* **Task item**
All that is needed is the lines from the one containing "in the NRL)." through the end of the listing, printed exactly, with no pictures among them.

# # # # #

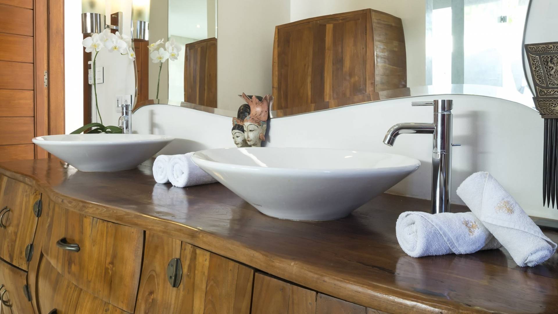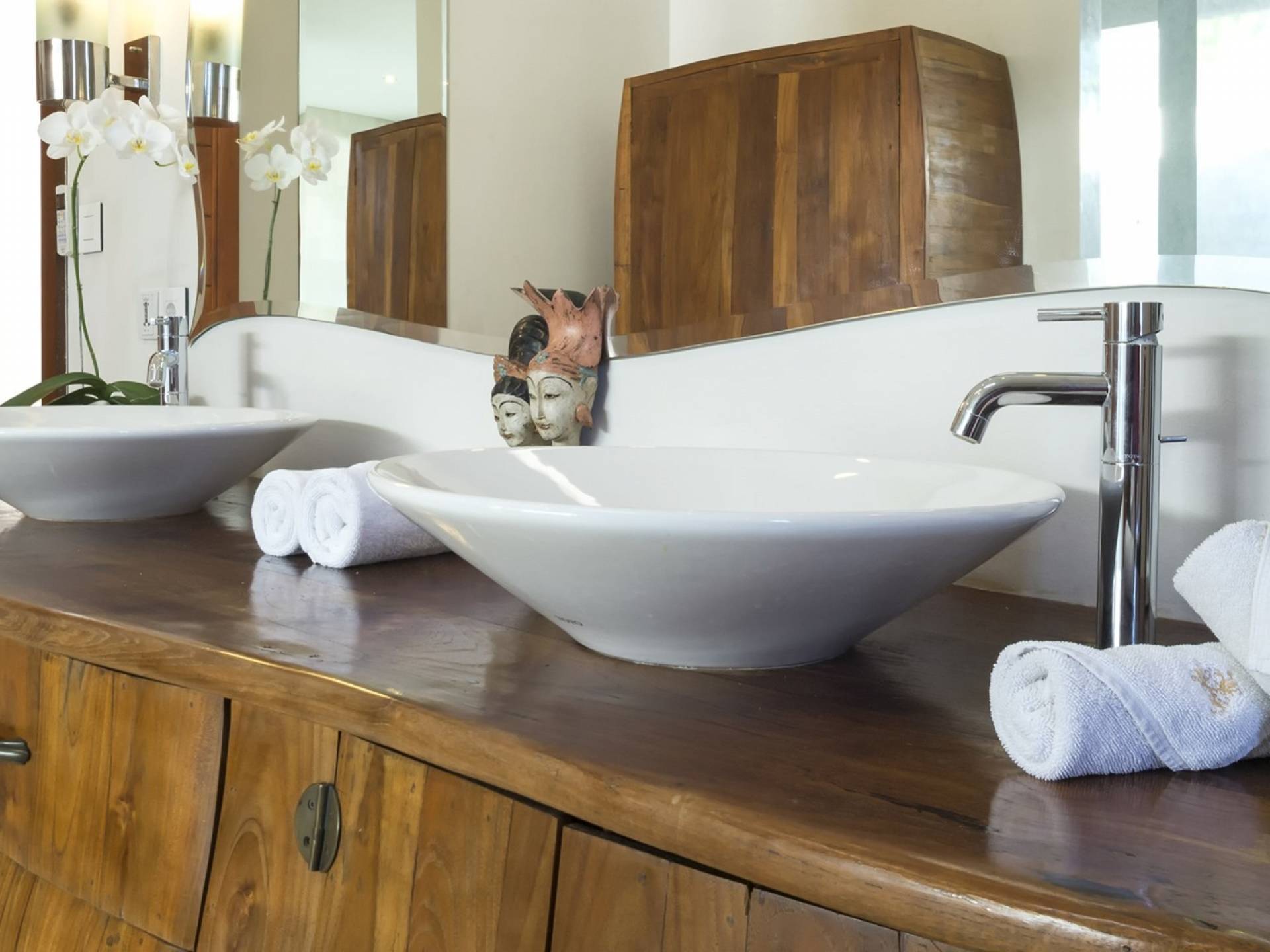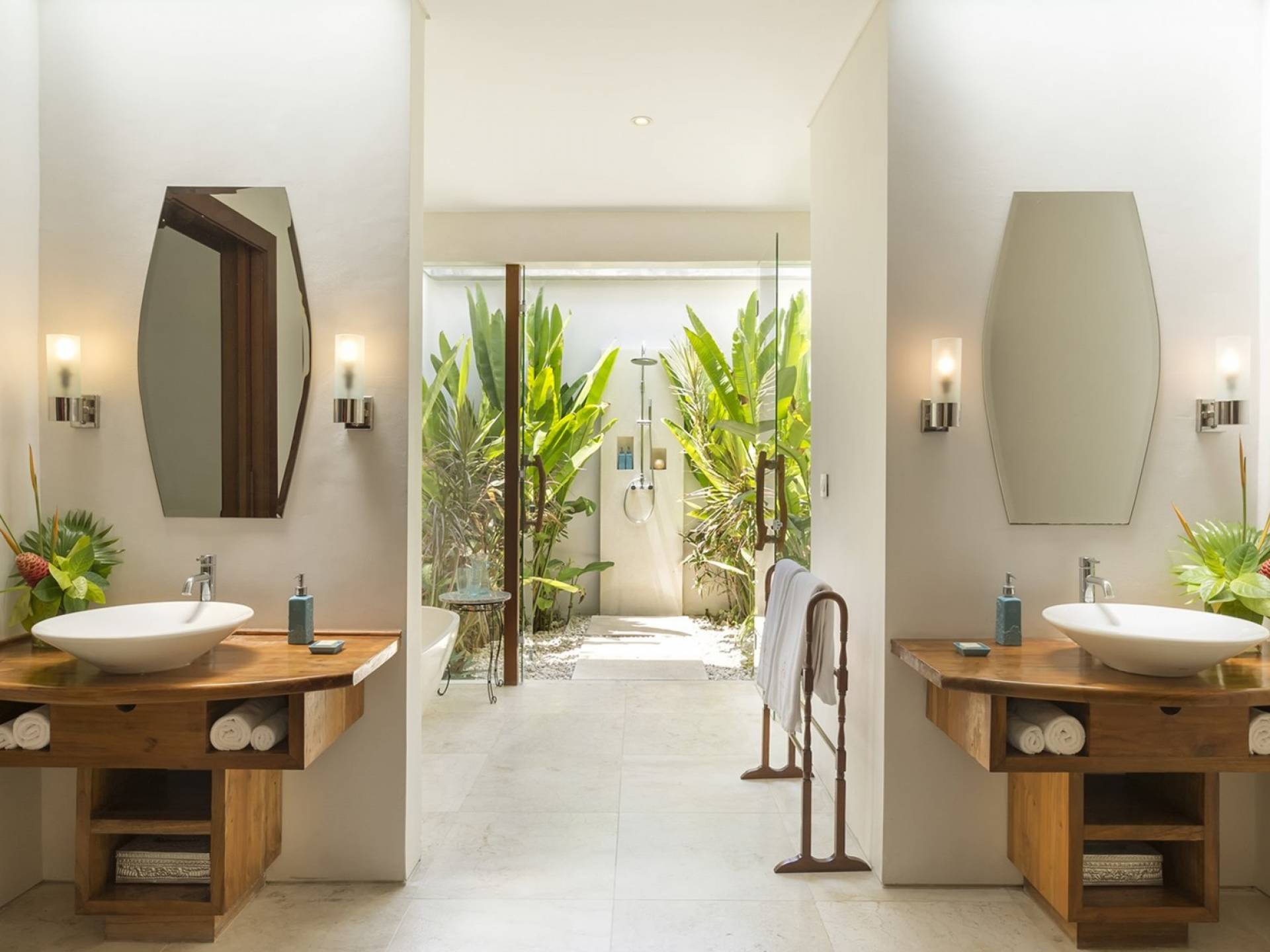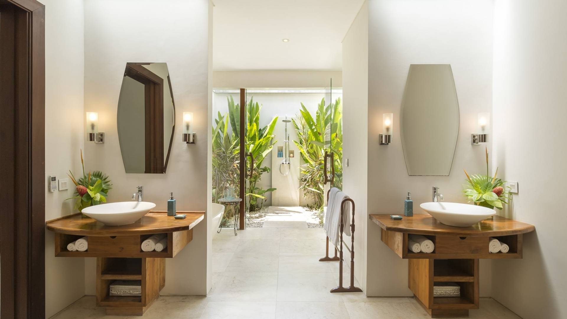 La Suite Nature se trouve également dans le pavillon principal, équipé également d'un lit king-size, nommé pour sa vue sur les grands arbres et le jardin bien entretenu. Parfait pour une famille avec de jeunes enfants, car une porte relie la grande salle de bain du jardin à la salle de bain principale. Une cuisine de majordome cachée, avec maxi-bar, sert ce pavillon.
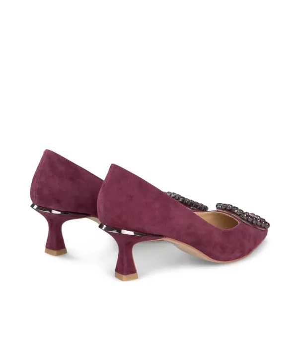 Zapato De Tacón Realizado En Piel Con Pedrería Cuadrada. La Altura Del Tacón Es De 6 Cm.
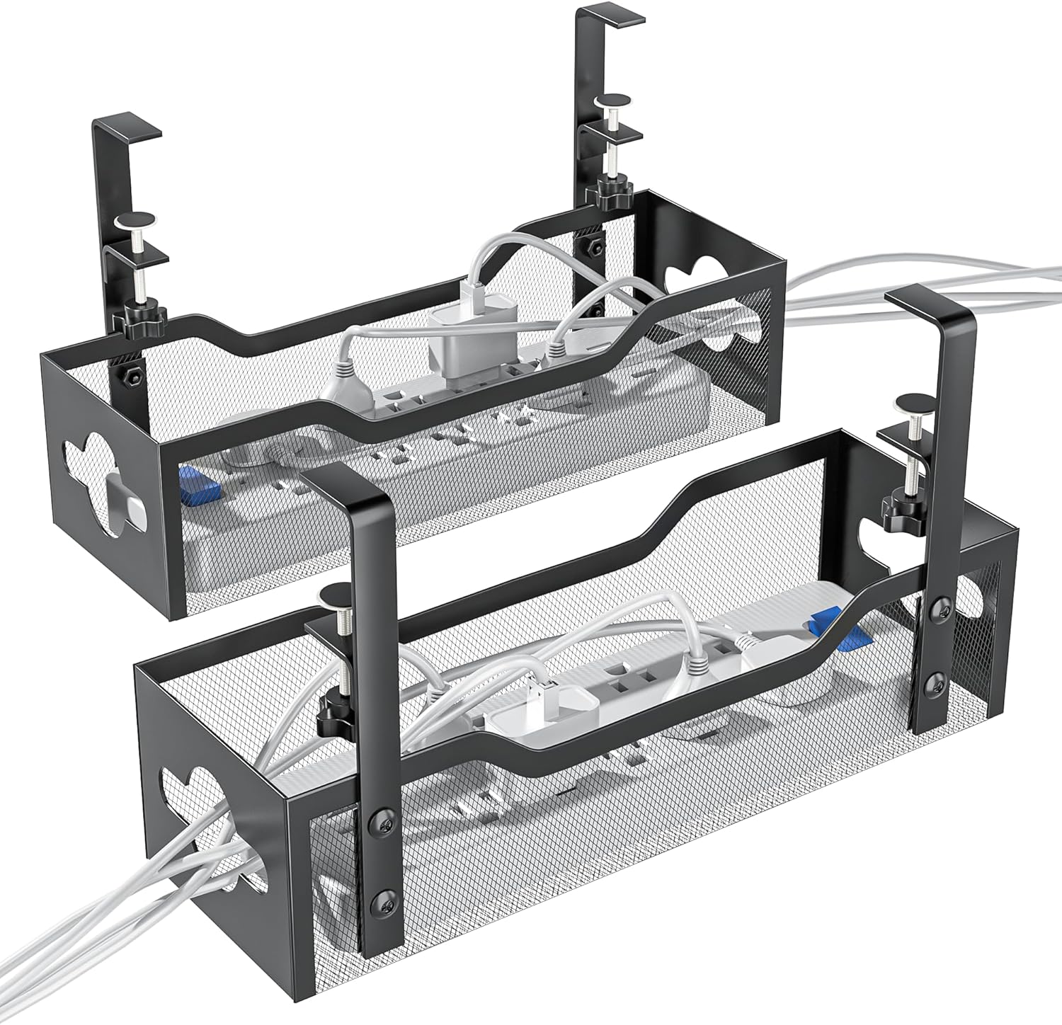 - ELEGANT UNDER DESK CORD ORGANIZER - The design of the mesh cable management frame is more beautiful and generous than that of pure iron wire products, and there is no problem putting small items in it. The design of cable management holes on both sides can help you manage cables more easily.
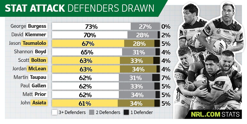 *Note: Now-retired Gold Coast Titans prop Brenton Lawrence also drew three-plus defenders with 62 per cent of his runs for Manly in 2017, (ranking equal seventh in the NRL).
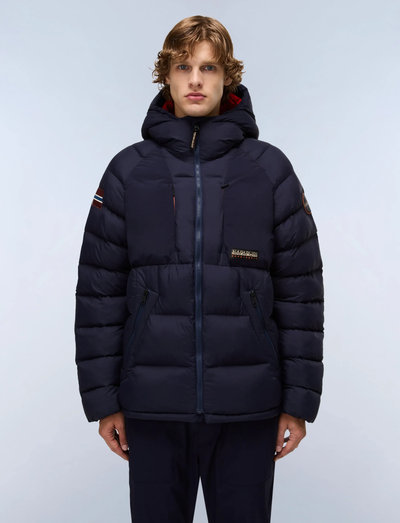 Inspired by Napapijri's archives, the Moesa puffer jacket is built with a chin guard, invisible zipped chest pockets and hidden elastic on the cuffs and hood. Thermoregulating thanks to lightweight Thermo-Fibre™ insulation, it's finished with an adjustable hem, embossed logo lining and a mixture of printed and patch details.
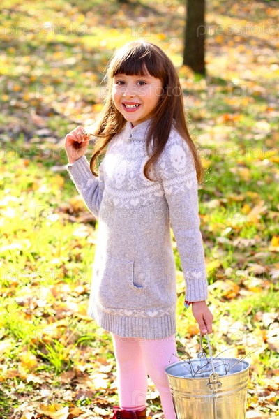 Милая маленькая девочка с ведром прикасается к волосам на открытом воздухе
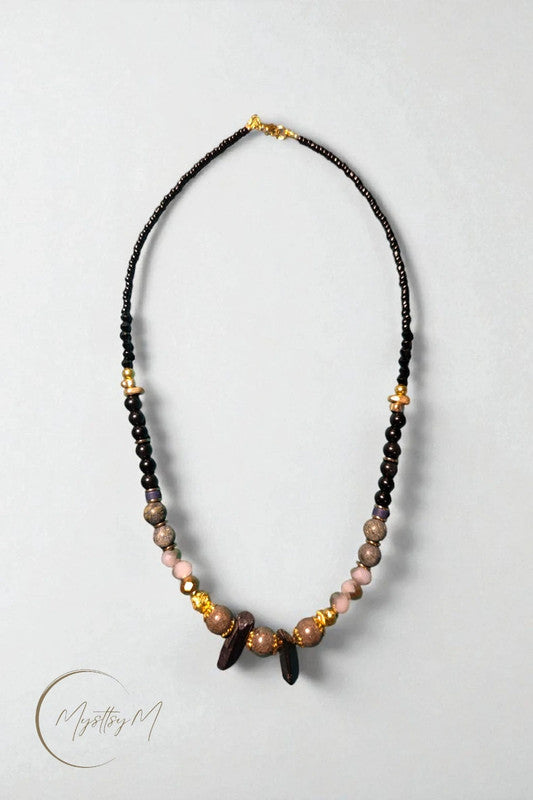 Pyrite, cristal de quartz, serpentine, obsidienne noir, perle de rocaille, perles doré.
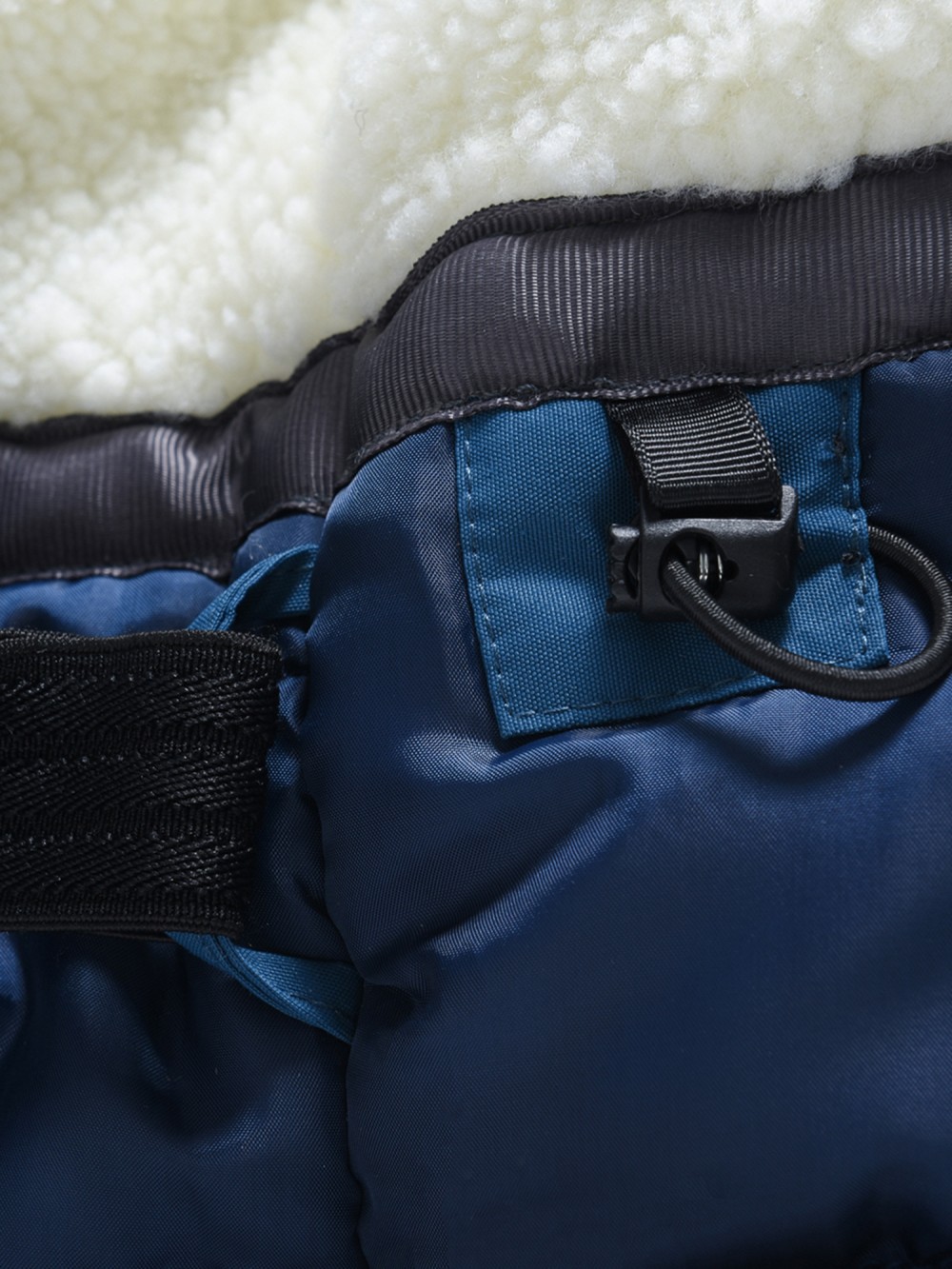 фиксаторы на рукавах (пат с липучкой) и трикотажные манжеты удерживают тепло внутри.
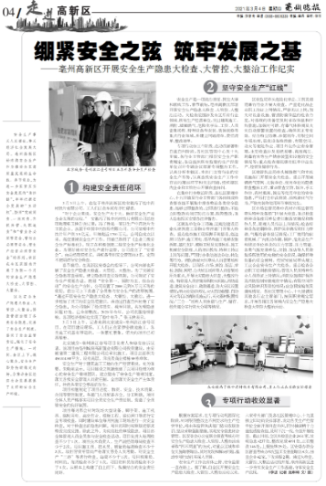 年后復(fù)工不久,亳州市高新區(qū)即對(duì)轄區(qū)內(nèi)的施工單位進(jìn)行逐個(gè)復(fù)工復(fù)產(chǎn)以及安全生產(chǎn)隱患大檢查、大管控、大整治。3月3日上午,亳州市高新區(qū)建管主任、第五管理中心主任、環(huán)保中心主任等領(lǐng)導(dǎo)以及亳州市記者來(lái)到亳州濱江壹號(hào)項(xiàng)目進(jìn)行實(shí)地現(xiàn)場(chǎng)檢查,并采訪了項(xiàng)目經(jīng)理朱曉亮。在聽取項(xiàng)目匯報(bào)、查閱安全管控資料后,當(dāng)?shù)馗髦鞴懿块T領(lǐng)導(dǎo)充分肯定了項(xiàng)目在現(xiàn)場(chǎng)安全、環(huán)保管控等方面的有力舉措,并在亳州晚報(bào)上刊登了項(xiàng)目全方位的安全管理體系。
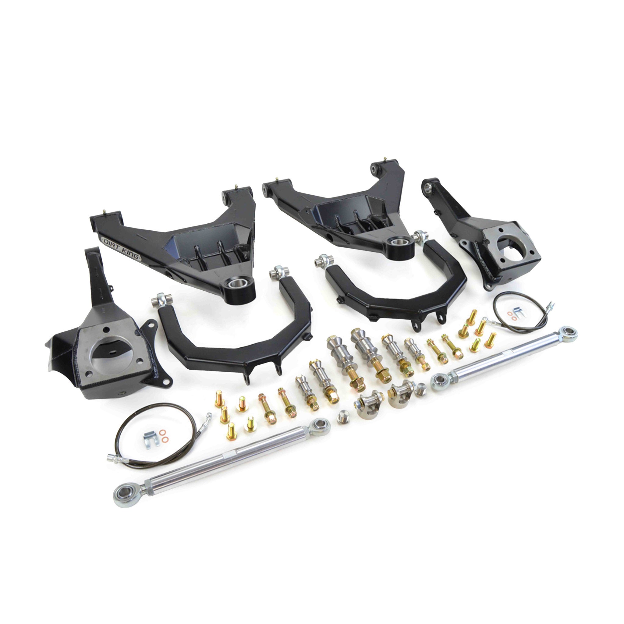 - Boxed plate lower control arms with pocketed shock mounts
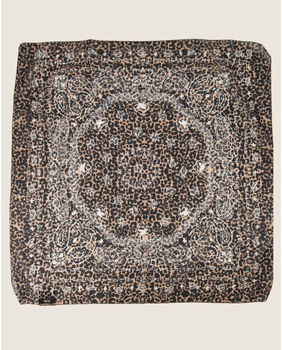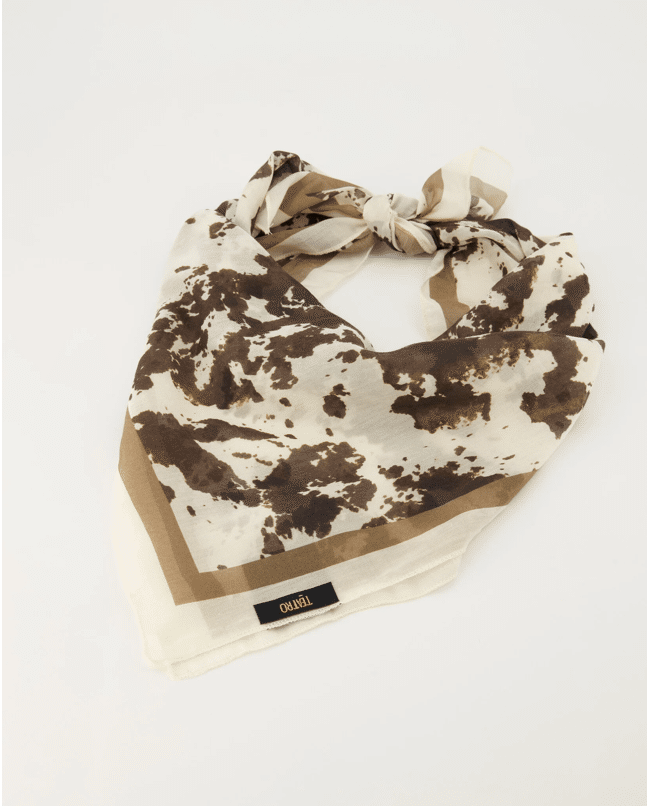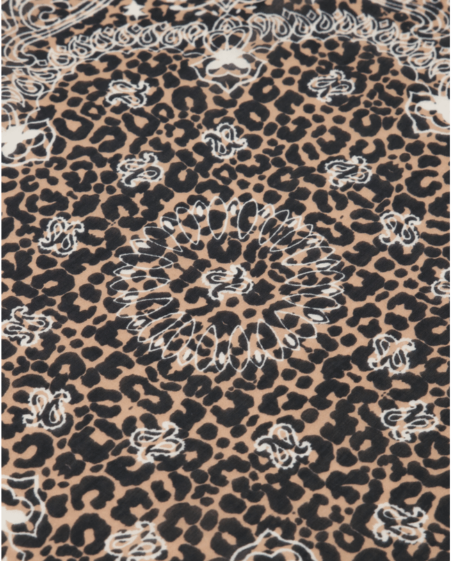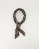 Ontworpen om elke look te versterken, biedt deze veelzijdige sjaal talloze draagmogelijkheden. Gewikkeld om de nek, verwerkt in een paardenstaart, geknoopt rond een knot, gedragen als bandana of vastgebonden aan een tas.

# # # # #

* **Answer to the problem**
 *Note: Now-retired Gold Coast Titans prop Brenton Lawrence also drew three-plus defenders with 62 per cent of his runs for Manly in 2017, (ranking equal seventh in the NRL).
 Inspired by Napapijri's archives, the Moesa puffer jacket is built with a chin guard, invisible zipped chest pockets and hidden elastic on the cuffs and hood. Thermoregulating thanks to lightweight Thermo-Fibre™ insulation, it's finished with an adjustable hem, embossed logo lining and a mixture of printed and patch details.
 Милая маленькая девочка с ведром прикасается к волосам на открытом воздухе
 Pyrite, cristal de quartz, serpentine, obsidienne noir, perle de rocaille, perles doré.
 фиксаторы на рукавах (пат с липучкой) и трикотажные манжеты удерживают тепло внутри.
 年后復(fù)工不久,亳州市高新區(qū)即對(duì)轄區(qū)內(nèi)的施工單位進(jìn)行逐個(gè)復(fù)工復(fù)產(chǎn)以及安全生產(chǎn)隱患大檢查、大管控、大整治。3月3日上午,亳州市高新區(qū)建管主任、第五管理中心主任、環(huán)保中心主任等領(lǐng)導(dǎo)以及亳州市記者來(lái)到亳州濱江壹號(hào)項(xiàng)目進(jìn)行實(shí)地現(xiàn)場(chǎng)檢查,并采訪了項(xiàng)目經(jīng)理朱曉亮。在聽取項(xiàng)目匯報(bào)、查閱安全管控資料后,當(dāng)?shù)馗髦鞴懿块T領(lǐng)導(dǎo)充分肯定了項(xiàng)目在現(xiàn)場(chǎng)安全、環(huán)保管控等方面的有力舉措,并在亳州晚報(bào)上刊登了項(xiàng)目全方位的安全管理體系。
 - Boxed plate lower control arms with pocketed shock mounts
 Ontworpen om elke look te versterken, biedt deze veelzijdige sjaal talloze draagmogelijkheden. Gewikkeld om de nek, verwerkt in een paardenstaart, geknoopt rond een knot, gedragen als bandana of vastgebonden aan een tas.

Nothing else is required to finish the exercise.